Yücel Oğurlu (born 1970) is a Turkish jurist, lawyer and professor of administrative law.

Early life and education 
He  graduated from the Istanbul Commerce University Faculty of Law in 1992. He completed Fiscal Law Master Programme (1995) and Public Law Doctorate Programme (1999) at Marmara University.

Career 
He started his academic career at the Atatürk University and Istanbul Commerce University.  He has been for postgraduate studies at Tilburg University in Netherlands and Ahmed Yesevi University in Kazakhstan as visiting professor. Dr. Oğurlu worked 22 years as a professor and manager in several positions and he also worked as project manager in domestic and international projects on administrative law. He is on editorial board of some prestigious academic journals.

Dr. Oğurlu is the rector of Istanbul Commerce University. He was former rector of the International University of Sarajevo.

He wrote several books, book chapters, articles on administrative law  and topics on other fields of public law. He has also many newspaper articles on law, international law and international relations.

Publications

1. Introduction to Turkish Law, (OĞURLU/GÜRPINAR), Oniki Levha Yayınları, Istanbul 2010.

2. Idare Hukukunda “E-Devlet” Dönüşümü ve Dijitalleşen Kamu Hizmeti (E-Government Transformation at Administrative Law and Digitizing in Public Services) Oniki Levha Yayınları, Istanbul 2009.

3. Idare Hukukunda Kazanılmış Haklara Saygı ve Haklı Beklentiler Sorunu (Respecting Vested Rights in Administrative Law and the Issue of Legitimate Expectations), Seçkin Yayınları, Ankara 2003.

4. Karşılaştırmalı Idare Hukukunda Ölçülülük Ilkesi, (The Principle of Proportionality in Comparative Administrative Law), Seçkin Yayınları, Ankara 2002.

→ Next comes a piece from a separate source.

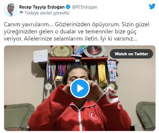 Cumhurbaşkanı Erdoğan, Twitter hesabından yaptığı paylaşımda, kendisine ve eşi Emine Erdoğan’a video mesaj ile dua ederek, geçmiş olsun temennisinde bulunan Türkiye’nin çeşitli illerindeki özel sporculara, “Canım yavrularım… Gözlerinizden öpüyorum. Sizin güzel yüreğinizden gelen o dualar ve temenniler bize güç veriyor. Ailelerinize selamlarımı iletin. İyi ki varsınız…” ifadelerini kullandı.

5. Idari Yaptırımlar Karşısında Yargısal Korunma (Legal Protection Against Administrative Sanctions), Enlarged, Reviewed 2nd Edition, Seçkin Yayınları, Ankara 2001.

6. European Commission for the Efficiency Justice (CEPEJ), (Y. Ogurlu, C. Kucukali, Chapter) ICT in Turkish Judicial System (National Judiciary Network Project 2007, Bologna: Bologna University.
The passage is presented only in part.